Baking Powder features in both the above offers, as does Northwood's Carnival Glass: on the left, a Strawberry ruffled bowl (with Basketweave exterior), and on the right, a Three Fruits plate in a metal handled basket.
Note the descriptions being used for the Carnival, which are very much like the descriptions we find in other publications, like Butler Brothers catalogues and trade advertisements. The Strawberry bowl is "made by a new process and shows all the beautiful colors of the rainbow" and "Comes in Rich Dark Iridescent Glass." The Three Fruits plate is described as ""Egyptian Art".
Baking aids were a relatively big thing, and Baking Soda also frequently appeared in the assortments on offer, like the two below.
On the left, an offer that ought to have been hard to refuse - six free iridescent tumblers for FREE when you spend just one dollar on such household essentials as Witch Hazel Carbolic Salve and Antiseptic Tooth Soap, as well as Baking Soda and Baking Powder!
On the right, no Baking Powder this time, bur you get Baking Soda and "High Grade" Toilet Soap for 25 cents plus a free Northwood Grape and Cable jelly dish, described as "one of the prettiest pieces of glassware offered."
However, just a word of realism about these FREE offers - they were not necessarily as wonderful as they might look to collectors today. How much did those pieces of Carnival Glass really cost Lee Manufacturing?

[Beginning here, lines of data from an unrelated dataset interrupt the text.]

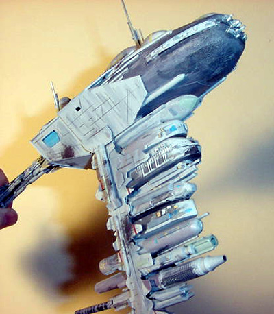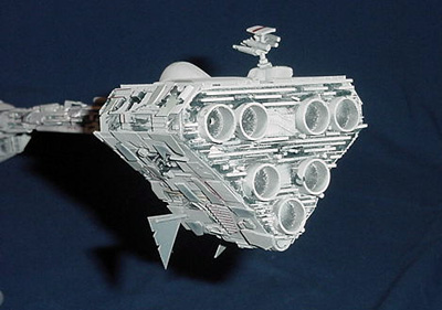 Painting: Basecoat is light grey airbrushed over a dark primer. Dark Ghost Gray and Dark Sea Blue were used to produce shadowing – creating “depth” in the model required significant shadowing. I mixed my own colors for paneling: pale green + light ghost gray, Navy Blue + neutral gray. Gunship Gray, British Crimson, Sand and US Navy Blue were used to simulate laser scorch marks and detailing. References: 4 poor pics of the vessel from Starwars.com, one schematic graciously sent by a fellow Starship Modeler enthusiast, and 1980 "Super Screen Collection" poster produced by Burger King. Image: Looking up at the bow section Image: The back side of the bow section Image: Engines |
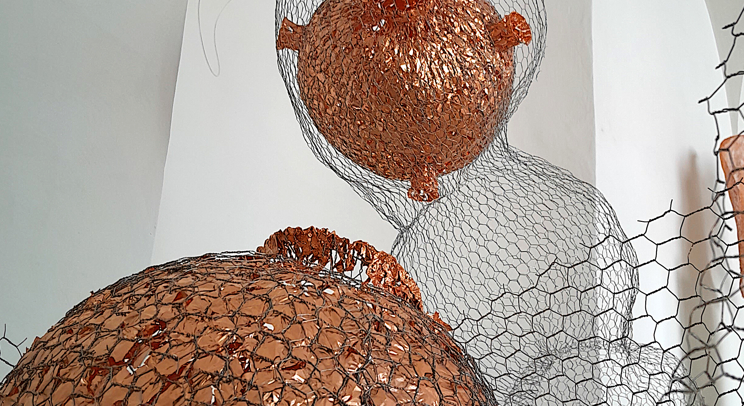 Die Rauminstallation ist von Hand aus Metallgewebe (verzinktes 6eck Gewebe) modelliert. Die Installation besteht aus zwei Grundformen, kugelähnliche Körper (30-40 cm Durchmesser), die mit Blattkupfer belegt sind. Körper, die durchdringen und verdaut werden wollen. Die zweite Form ist ein aus Metallgewebe modellierter langer Schlauch mit Verdickungen, eine Art Darm (ca.100 m lang). Überdimensional, transparent, mit leuchtendem flüchtigen Blattkupfer. Diese Installation ist für den Innenraum konzipiert, sie schwebt und liegt im Raum (3x3x3m). Auf den Fotos ist ein kleiner Ausschnitt von durchdringen 7 zu sehen.
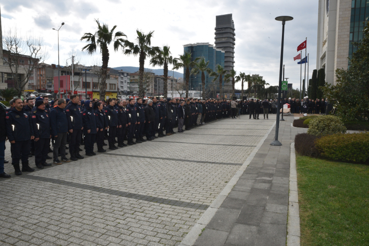 Törene, Büyükşehir Belediyesi Başkanvekili Yalçın Işıkyıldız, Büyükşehir Belediyesi Genel Sekreteri Doç. Dr. Ergül Halisçelik, Genel Sekreter Yardımcıları Mehmet Yıldız ve Mehmet Emin Direkçi, İtfaiye Dairesi Başkanı Canalp Berkdemir, Büyükşehir Belediyesi yöneticileri, şehit itfaiye erinin ailesi ve mesai arkadaşları katıldı. Saygı duruşu ve İstiklal Marşı’nın okunmasının ardından konuşan Büyükşehir Belediyesi Başkanvekili Yalçın Işıkyıldız, çok üzgün olduklarını belirterek şehit Burak Dağtekin’in ailesine ve çalışma arkadaşlarına sabırlar diledi.
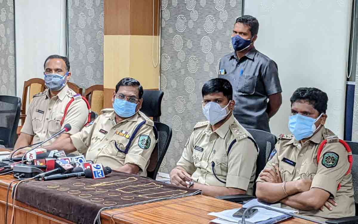 In the first case which happened under Dwaraka police station limits. According to DCI Dwaraka Sub Station Crimes K Rama Rao, the complainant Gullapalli Padma reported the theft of her jewellery she kept in the cupboard between May 5-30. Affected with Covid-19, she was admitted to a hospital and got discharged on May 15. On May 31, she found that 16 tolas Gold ornaments, all worth Rs 4 lakhs, were missing. She raised a complaint at Dwaraka police station limits. K Rama Rao and his team arrested the accused at Hyderabad and made a total recovery of stolen property.
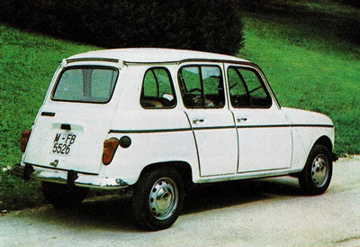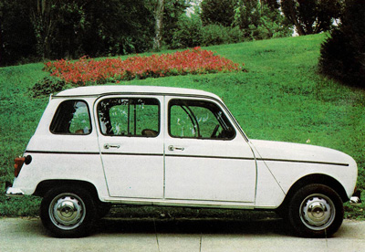 El R-4 apareció en el año 1961 y cuenta, por tanto, con veintidós años de vida, habiendo sufrido realmente pocas modificaciones, más bien de detalle y de adopción de motores cada vez más eficientes o de mejores rendimientos, aunque también bajo este aspecto los cambios han sido en poco número. Pero el R-4 ha sido un “coche hito” en la marca francesa, por cuanto con él debutaba la marca en la tracción delantera, que ya no habría de dejar en ninguno de sus modelos, y sobre todo iniciaba el auténtico dos cuerpos —uno para el motor, otro para el habitáculo/maletero— con el portón trasero, una nueva forma de construcción del automóvil que después habría de ser seguida por muchos otros constructores —por casi todos—, siendo así que no sabemos de otro coche anterior al R-4 que hubiera adoptado tal forma de construcción.
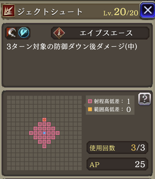| JobLv25 ジェクトシュート習得 | 3ターン対象の防御30ダウン後ダメージ(中) |
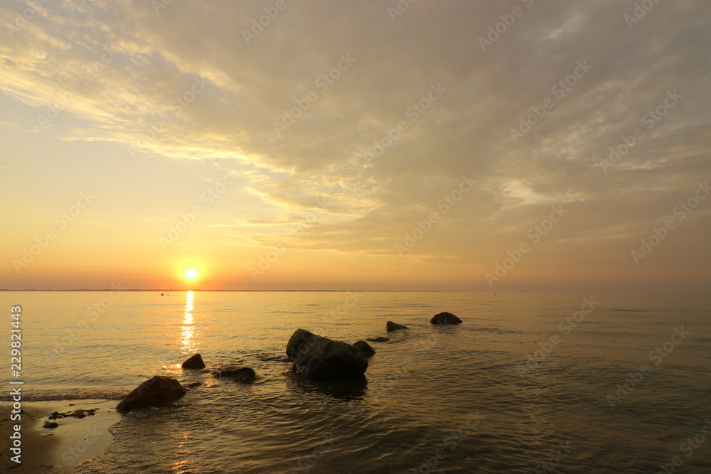 Golden Waters: Two Silhouettes at Sunset, Embracing the Happycore and Dutch Marine Scene Vibes

Around the same time, 1912, Butler Brothers had an ad for a selection of Northwood Carnival Glass. It included Peacocks, Hearts and Flowers, Corn vase and other very desirable pieces. The price wholesale? 85 cents a dozen! That's 7 cents each. Lee, like Butler Brothers would have paid less that that to buy them from the glassmaker. So, the Northwood Three Fruits plate in the ad, top right, represented at the most, a 10% discount on the sale for the customer - and for this, Lee's agent had to secure and send off an order, unpack it when they received it from Lee, get it to the customer, take the payment and bank it. Not forgetting the risk of breakage.